3. Script Parsing (40-50%)
   └─> Parser → Extract turns with speaker labels

4. Audio Generation (50-90%)
   └─> OpenAI TTS → Multi-voice audio synthesis

5. Audio Storage (90-100%)
   └─> LocalFileStorage → Save MP3 file

API Endpoints¶

Generate Podcast¶

Endpoint: POST /api/podcasts/generate

Request Body:

{
  "user_id": "uuid",
  "collection_id": "uuid",
  "duration": 5,  // 5, 15, 30, or 60 minutes
  "voice_settings": {
    "voice_id": "alloy",
    "speed": 1.0,
    "pitch": 1.0
  },
  "format": "mp3",  // mp3, wav, ogg, flac
  "host_voice": "alloy",
  "expert_voice": "onyx",
  "include_intro": false,
  "include_outro": false,
  "title": "Optional Podcast Title"
}

Response (202 Accepted):

{
  "podcast_id": "uuid",
  "status": "queued",
  "progress_percentage": 0,
  "created_at": "2025-10-09T16:55:34.505223"
}

Check Podcast Status¶

Endpoint: GET /api/podcasts/{podcast_id}?user_id={user_id}

Response:

{
  "podcast_id": "uuid",
  "status": "completed",  // queued, generating, completed, failed
  "progress_percentage": 100,
  "current_step": null,
  "audio_url": "/podcasts/{user_id}/{podcast_id}/audio.mp3",
  "audio_size_bytes": 93836,
  "transcript": "HOST: Welcome to today's podcast...",
  "completed_at": "2025-10-09T16:56:14.455209"
}

Configuration¶

Environment Variables¶

# Required for OpenAI TTS (default provider)
OPENAI_API_KEY=sk-proj-your-key-here

# Optional: Podcast settings
PODCAST_MIN_DOCUMENTS=1              # Minimum documents required (default: 1)
PODCAST_MAX_CONCURRENT_PER_USER=3    # Max concurrent generations (default: 3)
PODCAST_STORAGE_BACKEND=local        # Storage: local, minio, s3 (default: local)
PODCAST_LOCAL_STORAGE_PATH=./data/podcasts  # Local storage path

# Optional: TTS model selection
OPENAI_TTS_MODEL=tts-1-hd  # or tts-1 (default: tts-1-hd)

Podcast Durations¶

Duration	Minutes	Target Words	Retrieval Top-K
SHORT	5	750	30 chunks
MEDIUM	15	2,250	50 chunks
LONG	30	4,500	75 chunks
EXTENDED	60	9,000	100 chunks

Available Voices¶

OpenAI TTS Voices¶

Voice ID	Name	Gender	Description	Best For
alloy	Alloy	Neutral	Warm, conversational	HOST
echo	Echo	Male	Clear, authoritative	EXPERT
fable	Fable	Neutral	Expressive, storytelling	HOST
onyx	Onyx	Male	Deep, authoritative	EXPERT
nova	Nova	Female	Bright, engaging	HOST
shimmer	Shimmer	Female	Warm, friendly	EXPERT

Usage Examples¶

Generate a Podcast¶

curl -X POST http://localhost:8000/api/podcasts/generate \
  -H "Content-Type: application/json" \
  -H "X-User-UUID: your-user-id" \
  -d '{
    "user_id": "your-user-id",
    "collection_id": "your-collection-id",
    "duration": 5,
    "voice_settings": {
      "voice_id": "alloy",
      "speed": 1.0,
      "pitch": 1.0
    },
    "format": "mp3",
    "host_voice": "alloy",
    "expert_voice": "onyx",
    "title": "My First Podcast"
  }'

Monitor Progress¶

# Poll for status (check every 5 seconds)
PODCAST_ID="your-podcast-id"
USER_ID="your-user-id"

while true; do
  STATUS=$(curl -s "http://localhost:8000/api/podcasts/$PODCAST_ID?user_id=$USER_ID" \
    | jq -r '.status')
  PROGRESS=$(curl -s "http://localhost:8000/api/podcasts/$PODCAST_ID?user_id=$USER_ID" \
    | jq -r '.progress_percentage')

  echo "Status: $STATUS - Progress: $PROGRESS%"

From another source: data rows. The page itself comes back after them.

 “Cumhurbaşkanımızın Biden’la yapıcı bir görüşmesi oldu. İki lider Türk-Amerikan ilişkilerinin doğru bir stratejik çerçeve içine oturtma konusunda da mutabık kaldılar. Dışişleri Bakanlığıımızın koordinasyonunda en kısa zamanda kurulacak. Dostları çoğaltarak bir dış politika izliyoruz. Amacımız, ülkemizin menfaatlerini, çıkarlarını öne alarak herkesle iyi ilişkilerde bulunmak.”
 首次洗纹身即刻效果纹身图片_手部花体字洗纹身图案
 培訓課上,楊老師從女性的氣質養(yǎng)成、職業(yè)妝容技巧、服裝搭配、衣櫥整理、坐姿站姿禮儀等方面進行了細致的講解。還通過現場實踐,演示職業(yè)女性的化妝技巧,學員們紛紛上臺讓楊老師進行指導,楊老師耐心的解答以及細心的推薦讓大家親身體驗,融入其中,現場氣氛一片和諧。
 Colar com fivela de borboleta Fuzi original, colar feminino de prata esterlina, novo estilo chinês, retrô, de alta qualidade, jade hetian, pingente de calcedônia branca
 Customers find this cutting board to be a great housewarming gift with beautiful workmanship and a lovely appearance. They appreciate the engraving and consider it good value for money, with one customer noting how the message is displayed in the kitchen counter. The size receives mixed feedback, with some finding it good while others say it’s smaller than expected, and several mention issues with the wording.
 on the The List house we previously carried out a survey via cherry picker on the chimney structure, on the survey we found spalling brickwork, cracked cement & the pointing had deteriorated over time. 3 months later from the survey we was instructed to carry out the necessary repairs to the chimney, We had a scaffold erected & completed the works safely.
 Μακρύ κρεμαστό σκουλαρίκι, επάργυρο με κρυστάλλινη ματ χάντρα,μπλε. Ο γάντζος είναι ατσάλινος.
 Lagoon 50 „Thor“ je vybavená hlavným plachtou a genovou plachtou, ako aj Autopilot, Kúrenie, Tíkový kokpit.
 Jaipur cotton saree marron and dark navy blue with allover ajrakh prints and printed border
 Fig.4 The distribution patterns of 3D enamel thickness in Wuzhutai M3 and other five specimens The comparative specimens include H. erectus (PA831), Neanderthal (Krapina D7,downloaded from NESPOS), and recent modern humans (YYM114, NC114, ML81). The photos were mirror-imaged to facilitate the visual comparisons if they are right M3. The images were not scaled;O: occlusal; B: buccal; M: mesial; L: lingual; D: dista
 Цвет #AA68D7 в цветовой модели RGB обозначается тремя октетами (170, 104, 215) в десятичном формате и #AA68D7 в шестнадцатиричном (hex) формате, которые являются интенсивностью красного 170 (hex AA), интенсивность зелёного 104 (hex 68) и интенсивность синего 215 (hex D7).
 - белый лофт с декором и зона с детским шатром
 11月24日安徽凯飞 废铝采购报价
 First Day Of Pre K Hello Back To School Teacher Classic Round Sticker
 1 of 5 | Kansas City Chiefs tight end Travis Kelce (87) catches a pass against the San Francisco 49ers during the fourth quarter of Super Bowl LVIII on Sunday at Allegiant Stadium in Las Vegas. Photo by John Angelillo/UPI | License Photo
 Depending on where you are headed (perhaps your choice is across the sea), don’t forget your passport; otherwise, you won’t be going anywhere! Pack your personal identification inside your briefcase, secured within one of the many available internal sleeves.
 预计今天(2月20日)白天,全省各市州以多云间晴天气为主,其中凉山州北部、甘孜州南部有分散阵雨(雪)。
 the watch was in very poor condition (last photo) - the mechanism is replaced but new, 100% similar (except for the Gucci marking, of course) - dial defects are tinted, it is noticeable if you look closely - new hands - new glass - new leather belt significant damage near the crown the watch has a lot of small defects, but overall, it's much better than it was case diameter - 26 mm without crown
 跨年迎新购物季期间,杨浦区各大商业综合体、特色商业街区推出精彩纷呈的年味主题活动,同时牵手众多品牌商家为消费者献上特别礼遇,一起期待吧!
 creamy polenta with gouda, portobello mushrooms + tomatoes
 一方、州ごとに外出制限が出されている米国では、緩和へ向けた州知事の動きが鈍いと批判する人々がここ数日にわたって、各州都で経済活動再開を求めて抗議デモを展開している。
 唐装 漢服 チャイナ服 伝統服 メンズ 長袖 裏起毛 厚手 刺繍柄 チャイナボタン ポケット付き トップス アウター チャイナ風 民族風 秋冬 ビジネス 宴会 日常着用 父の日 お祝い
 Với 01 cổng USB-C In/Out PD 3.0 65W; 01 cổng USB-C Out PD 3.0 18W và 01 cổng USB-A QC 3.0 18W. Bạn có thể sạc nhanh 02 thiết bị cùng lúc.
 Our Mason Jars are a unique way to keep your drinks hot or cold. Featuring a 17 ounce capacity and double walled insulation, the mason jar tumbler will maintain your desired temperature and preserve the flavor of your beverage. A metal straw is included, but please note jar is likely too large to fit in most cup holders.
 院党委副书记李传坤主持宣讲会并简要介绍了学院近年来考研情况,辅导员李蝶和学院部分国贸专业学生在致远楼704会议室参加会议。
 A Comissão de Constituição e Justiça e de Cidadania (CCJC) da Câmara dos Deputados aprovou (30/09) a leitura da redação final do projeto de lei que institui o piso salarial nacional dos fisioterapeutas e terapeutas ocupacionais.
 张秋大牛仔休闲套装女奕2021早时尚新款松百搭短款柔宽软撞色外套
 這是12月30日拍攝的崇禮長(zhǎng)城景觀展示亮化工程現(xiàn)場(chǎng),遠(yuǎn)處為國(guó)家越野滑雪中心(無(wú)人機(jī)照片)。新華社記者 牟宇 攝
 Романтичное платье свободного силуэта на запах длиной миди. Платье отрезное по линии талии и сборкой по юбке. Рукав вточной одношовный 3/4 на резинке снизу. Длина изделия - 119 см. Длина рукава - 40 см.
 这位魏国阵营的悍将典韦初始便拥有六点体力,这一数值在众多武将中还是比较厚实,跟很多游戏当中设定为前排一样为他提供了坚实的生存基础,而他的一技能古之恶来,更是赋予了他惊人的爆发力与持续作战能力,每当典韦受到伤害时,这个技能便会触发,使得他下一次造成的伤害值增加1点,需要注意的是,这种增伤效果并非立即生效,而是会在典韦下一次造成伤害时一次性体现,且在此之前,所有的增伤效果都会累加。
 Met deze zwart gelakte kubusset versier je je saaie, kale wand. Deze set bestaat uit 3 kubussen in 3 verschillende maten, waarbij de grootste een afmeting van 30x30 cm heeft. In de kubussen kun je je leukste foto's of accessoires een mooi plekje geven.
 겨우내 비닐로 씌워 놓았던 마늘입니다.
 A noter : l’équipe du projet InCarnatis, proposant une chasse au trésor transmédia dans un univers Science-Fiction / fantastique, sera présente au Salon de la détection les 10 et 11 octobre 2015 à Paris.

  if [ "$STATUS" = "completed" ] || [ "$STATUS" = "failed" ]; then
    break
  fi

  sleep 5
done

Download Podcast¶

# Get the audio URL from status endpoint
AUDIO_URL=$(curl -s "http://localhost:8000/api/podcasts/$PODCAST_ID?user_id=$USER_ID" \
  | jq -r '.audio_url')

# Download the podcast
curl -o my_podcast.mp3 "http://localhost:8000$AUDIO_URL"

Implementation Details¶

Service Layer¶

File: backend/rag_solution/services/podcast_service.py

The PodcastService orchestrates the complete podcast generation pipeline:

class PodcastService:
    def __init__(self, session: Session, collection_service, search_service):
        self.session = session
        self.collection_service = collection_service
        self.search_service = search_service
        self.repository = PodcastRepository(session)
        self.script_parser = PodcastScriptParser(average_wpm=150)
        self.audio_storage = self._create_audio_storage()

Key Methods: - generate_podcast(): Queue podcast generation (returns immediately) - _process_podcast_generation(): Background task processing - _retrieve_content(): RAG-based content retrieval - _generate_script(): LLM script generation - _generate_audio(): TTS audio synthesis - _store_audio(): Save audio file

Repository Layer¶

File: backend/rag_solution/repository/podcast_repository.py

Handles podcast database operations with synchronous Session (matches codebase pattern):

class PodcastRepository:
    def __init__(self, session: Session):
        self.session = session

    def create(self, ...) -> Podcast:
        """Create podcast record with QUEUED status"""

    def update_progress(self, podcast_id, progress, step):
        """Update generation progress"""

    def mark_completed(self, podcast_id, audio_url, transcript, size):
        """Mark podcast as COMPLETED"""

Audio Generation¶

File: backend/rag_solution/generation/audio/openai_audio.py

OpenAI TTS provider with multi-voice support:

class OpenAIAudioProvider(AudioProviderBase):
    def __init__(self, api_key: str, model: str = "tts-1-hd"):
        self.client = AsyncOpenAI(api_key=api_key.strip())  # Strip whitespace!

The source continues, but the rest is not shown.